Coal Worker’s Pneumoconiosis

Worldwide dust reduction in coal mines has greatly reduced the incidence of coal dust–induced disease. The spectrum of lung findings in coal workers is wide, ranging from asymptomatic anthracosis, in which pigment accumulates without a perceptible cellular reaction, to simple coal worker’s pneumoconiosis(CWP), in which accumulations of macrophages occur with little to no pulmonary dysfunction, tocomplicated CWP or progressive massive fibrosis (PMF), in which fibrosis is extensive and lung function is compromised (Table 12–4). Although statistics vary, it seems that less than 10% of cases of simple CWP progress to PMF. Of note PMF is a generic term that applies to a confluent fibrosing reaction in the lung; this can be a complication of any one of the pneumoconioses discussed here.

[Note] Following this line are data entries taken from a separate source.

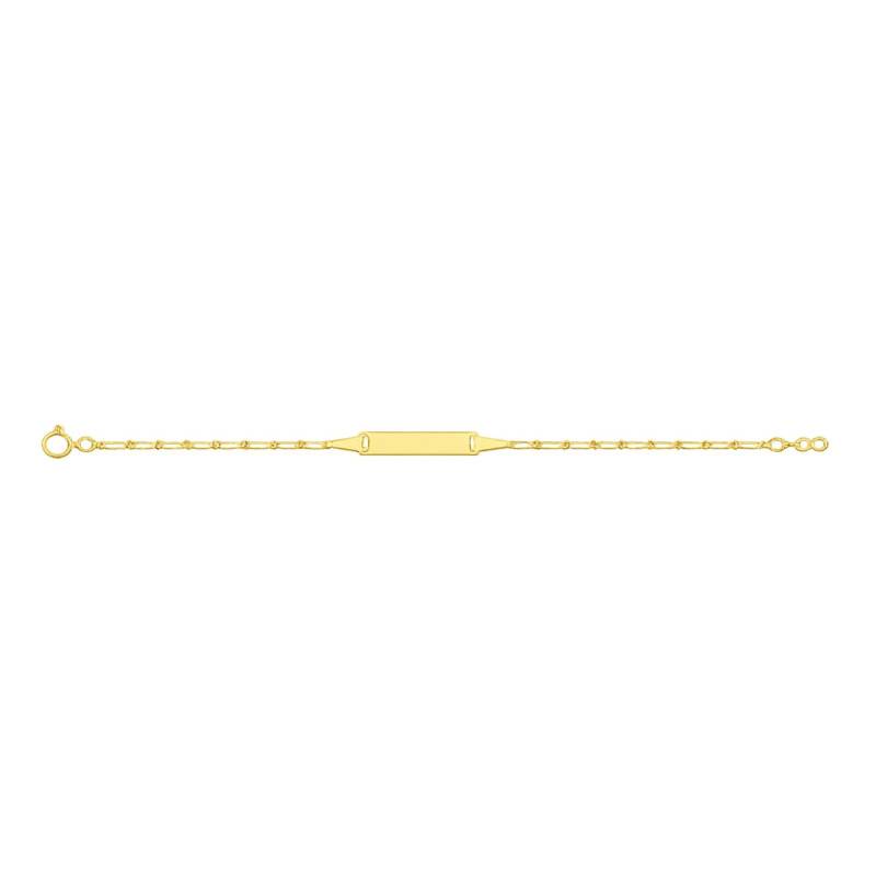 La Gourmette plaqué or en maille cheval alterné évoque la douceur et la tendresse des premiers pas dans le monde du bijou. Son éclat doré, d'un jaune solaire, enlace le poignet avec grâce. Fabriquée avec soin en laiton plaqué or de 3 microns, elle garantit une qualité et une durabilité de rêve. Le fermoir à anneau à ressort assure une fixation sûre tout en ajoutant une touche d'élégance. Avec sa longueur de 15 cm et son poids de métal délicat de 1,70 g.
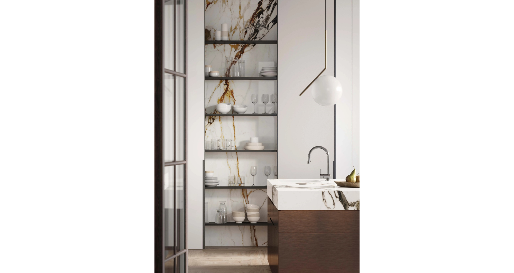 Paonazzo Biondo 流金歲月匯集了大多數冬季色彩。帶有焦糖、鼠尾草和merlot葡萄藤的紋理流瀉在象牙色基底的XTONE輕磁板上,妝點起居室和廚房的牆壁、中島,展現出富麗奢華的貴族氣息。
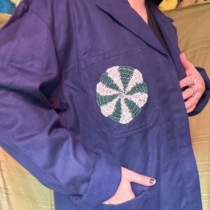 Vintage Navy blue chore / utility jacket with crochet green and white peppermint patch
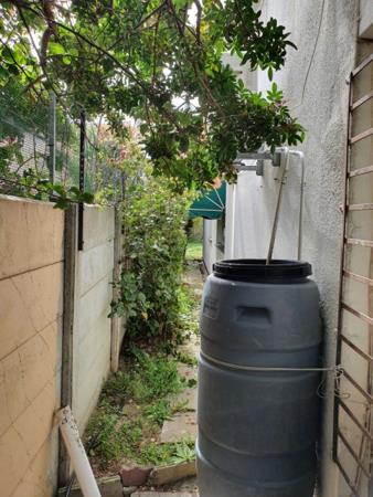 There is a double garage with an automated flip-up door. You have a mature garden with trees, lawn and plants. The property is completely walled in with an electric main steel gate..
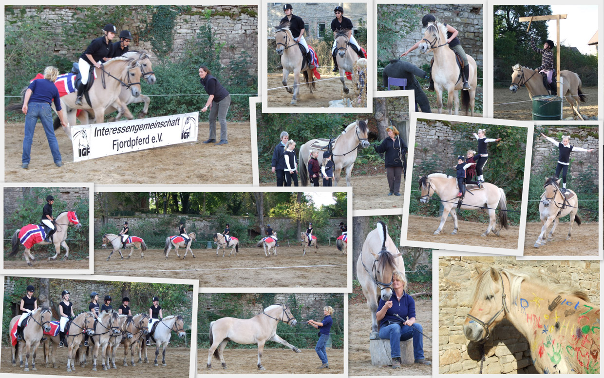 Der Vergleich zwischen den Mannschaften wird jedes Jahr zum Fjordcup der IGF ausgetragen. Zu einer Mannschaft können sich bis zu 5 Teilnehmer aus bis zu 2 Bundesländern zusammenschließen. Zur Wertung gehört eine E-Dressur, ein Springreiterwettbewerb und ein Präzisionsparcours. Die besten 2 Wertnoten der Teilnehmer werden gezählt. Da unsere Mannschaft in diesem Jahr nur aus 2 Teilnehmern bestand (Susanne und Jana) haben wir uns noch Elke Kutz mit Ilaan ausgeborgt. Sie ritt für uns den Präzisionsparcours mit, wo sie mit einem 3. Platz auch richtig punkten konnte. Aber alles andere mussten wir allein machen - und haben es auch geschafft! Vielleicht haben wir ja im nächsten Jahr etwas mehr Unterstützung?!
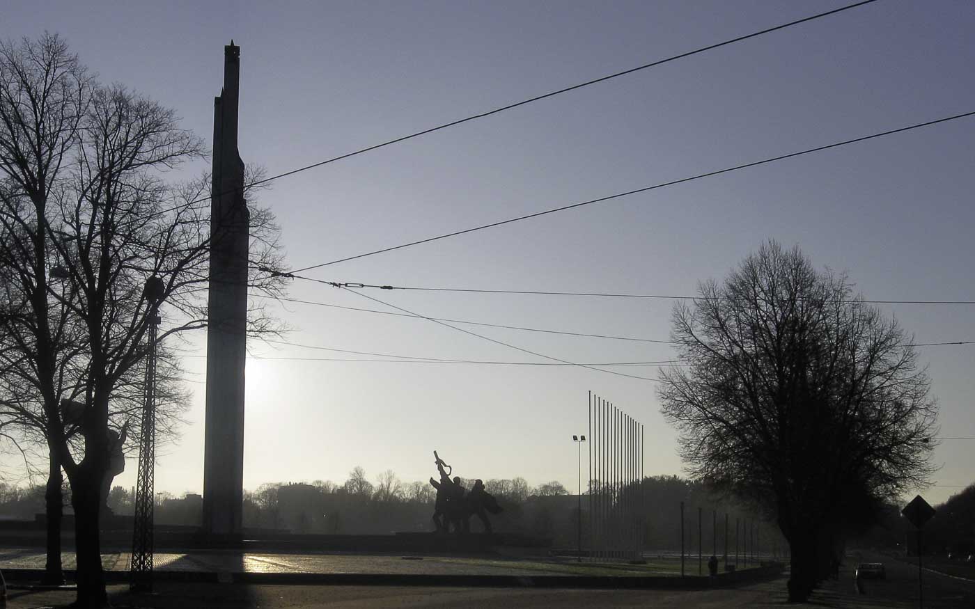 Ook het monument voor het Rode Leger in het Overwinningspark – zou de naam gewijzigd zijn? – is verwijderd. In 2012 lagen er nog bevroren bloemen bij het opzichtige uiterst Sovjetische monument uit 1985, met een bijna 80 meter hoge obelisk en twee socreal beelden van een soldaat en moedertje Rusland.

Although coal is mainly carbon, coal mine dust contains a variety of trace metals, inorganic minerals, and crystalline silica. The ratio of carbon to contaminating chemicals and minerals (“coal rank”) increases from bituminous to anthracite coal; in general, anthracite mining has been associated with a higher risk of CWP.

MORPHOLOGY

Pulmonary anthracosis is the most innocuous coal-induced pulmonary lesion in coal miners and also is commonly seen in all urban dwellers and tobacco smokers. Inhaled carbon pigment is engulfed by alveolar or interstitial macrophages, which then accumulate in the connective tissue along the lymphatics, including the pleural lymphatics, or in lymph nodes.

Figure 12–18 Progressive massive fibrosis in a coal worker. Large…

Simple CWP is characterized by coal macules and the somewhat larger coal nodule. The coal macule consists of dust-laden macrophages; in addition, the nodule contains small amounts of collagen fibers arrayed in a delicate network. Although these lesions are scattered throughout the lung, the upper lobes and upper zones of the lower lobes are more heavily involved. In due course, centrilobular emphysema can occur. Functionally significant emphysema is more common in the United Kingdom and Europe, probably because the coal rank is higher than in the United States.

Complicated CWP (PMF) occurs on a background of simple CWP by coalescence of coal nodules and generally requires many years to develop. It is characterized by usually multiple, intensely blackened scars larger than 2 cm, sometimes up to 10 cm in greatest diameter. On microscopic examination the lesions are seen to consist of dense collagen and pigment (Fig. 12–18).